* _AIM OF THE EXERCISE_
Print, from the listing below, the lines starting at the line containing "Schattig wandpaneel in" and ending at the line containing "Stay warm and", exactly as they stand, and print nothing else.

* _EXTRACTED ENTRIES_

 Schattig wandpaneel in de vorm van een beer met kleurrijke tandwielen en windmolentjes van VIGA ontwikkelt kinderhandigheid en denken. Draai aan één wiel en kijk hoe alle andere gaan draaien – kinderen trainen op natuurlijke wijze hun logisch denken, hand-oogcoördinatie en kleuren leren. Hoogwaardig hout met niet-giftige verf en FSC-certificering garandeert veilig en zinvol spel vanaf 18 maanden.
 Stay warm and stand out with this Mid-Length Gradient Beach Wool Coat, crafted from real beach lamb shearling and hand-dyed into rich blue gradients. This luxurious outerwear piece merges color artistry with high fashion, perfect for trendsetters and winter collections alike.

==

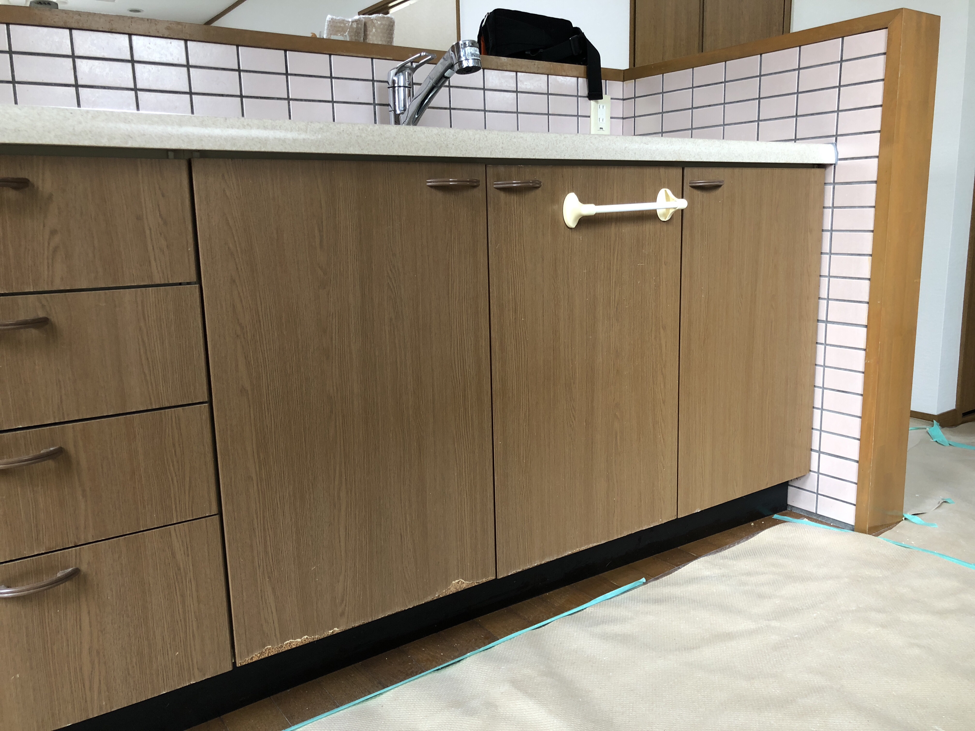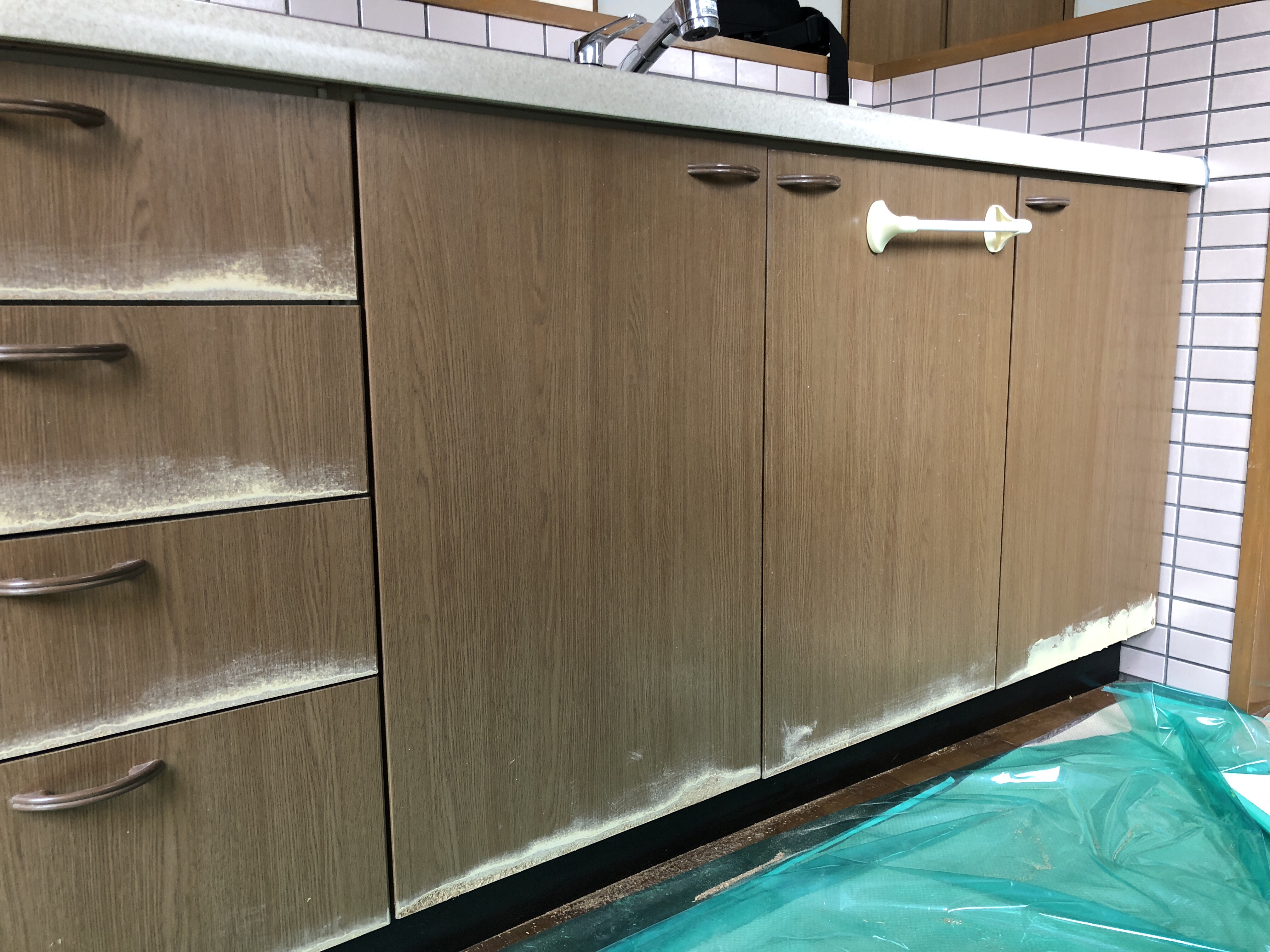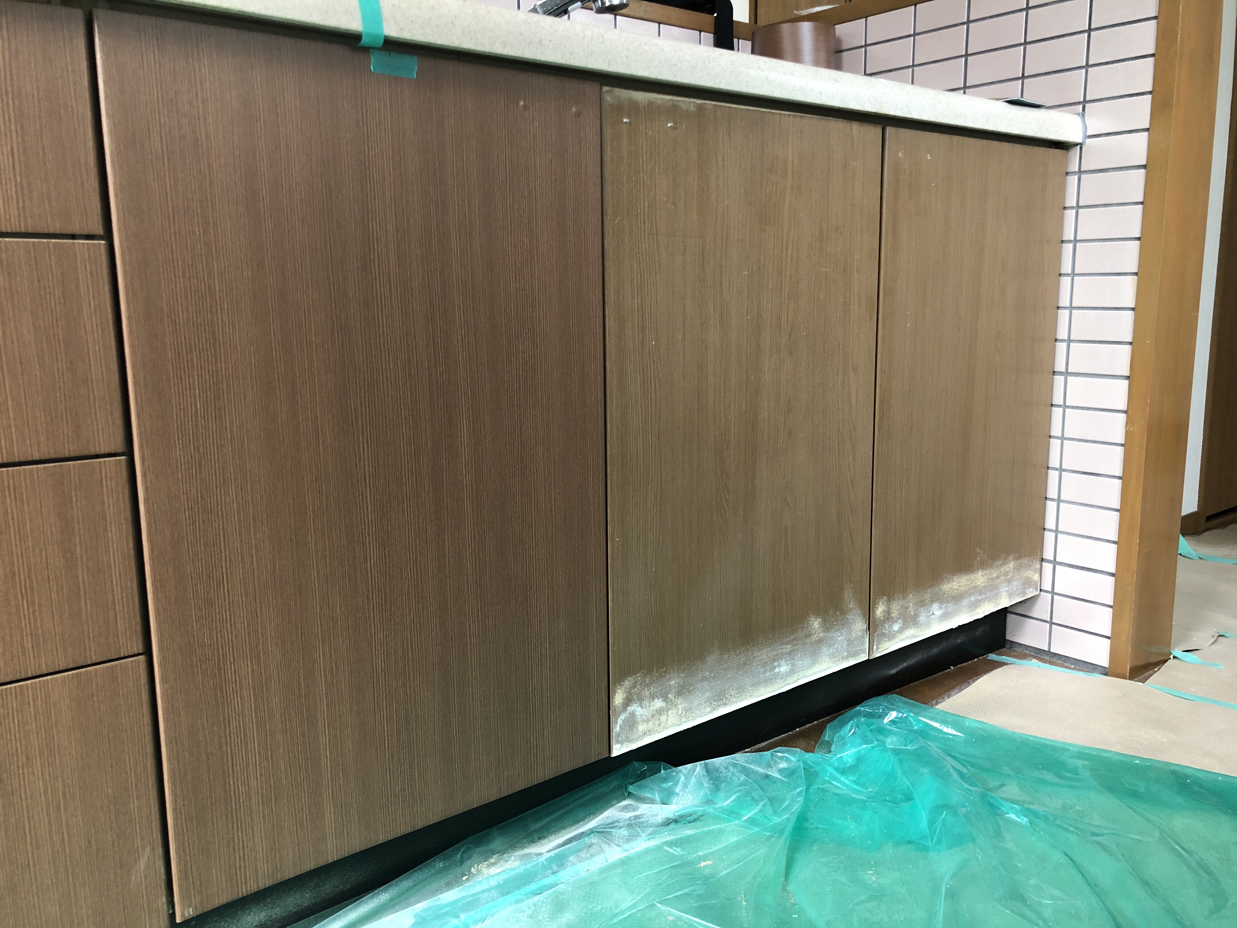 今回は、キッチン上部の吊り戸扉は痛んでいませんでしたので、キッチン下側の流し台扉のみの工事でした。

* _TASK RESPONSE_
 Schattig wandpaneel in de vorm van een beer met kleurrijke tandwielen en windmolentjes van VIGA ontwikkelt kinderhandigheid en denken. Draai aan één wiel en kijk hoe alle andere gaan draaien – kinderen trainen op natuurlijke wijze hun logisch denken, hand-oogcoördinatie en kleuren leren. Hoogwaardig hout met niet-giftige verf en FSC-certificering garandeert veilig en zinvol spel vanaf 18 maanden.
 Stay warm and stand out with this Mid-Length Gradient Beach Wool Coat, crafted from real beach lamb shearling and hand-dyed into rich blue gradients. This luxurious outerwear piece merges color artistry with high fashion, perfect for trendsetters and winter collections alike.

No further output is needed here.